By Israel Drazin

 

The Conversion

By Aharon Appelfeld

 

Aharon Appelfeld, born in 1932, escaped from a Nazi concentration camp when he was nine years old and immigrated to Palestine in 1946. He wrote many books about life in Europe prior to the Holocaust. This is one of them.  The New York Times considered this 1998 translation from the Hebrew original the “notable book of the year.” The Los Angeles Times called it the “best fiction book of 1998.” It tells the story of Jews and non-Jews in an Austrian town two generations before the Holocaust. It focuses on Karl, a Jew with a mid-level city position who wants to rise to the next level, a position with much authority, but feels certain that he can’t do so unless he converts to Christianity.

 

Karl is not the only Jew in the city or even throughout Austria at that time with this problem. Many Jews realizing that they cannot be accepted in society and cannot gain positions they desire because they are Jewish, convert. The local priest is very friendly and makes it easy. But the novel shows that the conversions do not work. Converts feel guilty and many ignore fellow converts. Anti-Semitism against Jews is also directed against the new converts in the Austrian cities and towns, for the converts are still Jews in the eyes of these bigots. A Jewish physician and a Jewish lawyer do not gain patients and clients once they convert.

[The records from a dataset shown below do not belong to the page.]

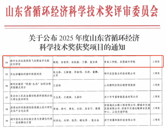 2025年度山东省循环经济科学技术奖评选结果近日正式公布,我院周超老师团队申报的“城市生活垃圾焚烧飞灰制备多孔板技术研究”项目,成功斩获三等奖。这一成果是学院紧扣学校“应用型、地方性、特色化”办学定位,深耕产学研融合的重要突破。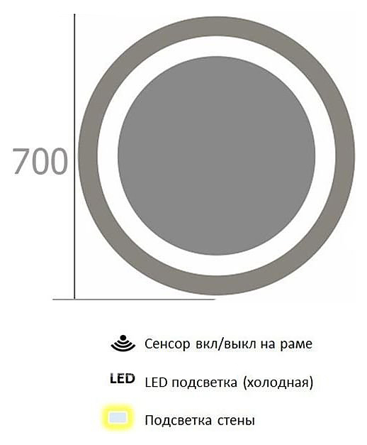 Зеркало De Aqua Мун 7070 70 см с LED подсветкой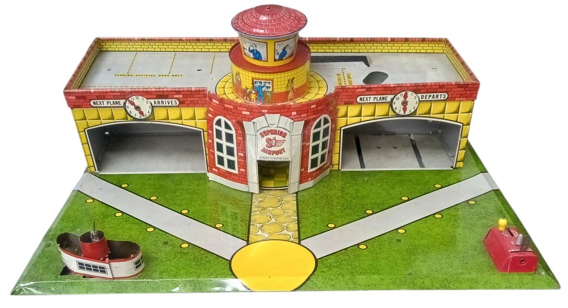 This is a Superior tin airport playset manufactured by T.Cohn likely around the 1960s. Marks and scratches are visible. Various pieces are missing. The entrance arch is loose. The mechanisms are untested. Some warping is visible. This is a great item for any aspiring toy collector and would make an awesome vintage display piece! This measures about 24" by 19" by 9".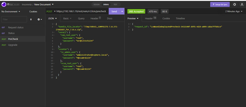 To execute the pre-check, we need to POST the upgrade bundle location and credentials to https://vxrailmanager/rest/vxm/v1/lcm/precheck – see below for details.

Karl felt oppressed because he was unable to believe in the trinity. A prominent Jewish businessman who converted was highly respected by the community as long as he was considered rich and could give money and housing to the community and church.  But as soon as he went bankrupt, virtually the same day, the Viennese non-Jewish community remembered he was a Jew, insulted him, and physically abused him.

 

Remarkably and ironically, Karl’s late parents’ housekeeper of two decades, a non-Jewish peasant girl fourteen years Karl’s senior, continued Karl’s parent’s practices after his conversion. She lit Shabbat candles, took two candles to the synagogue in their memory before Yom Kippur, fasted on Yom Kippur, refused to buy pork, and gave in to Karl’s immoral request, which his parents would never have condoned, but it destroyed her.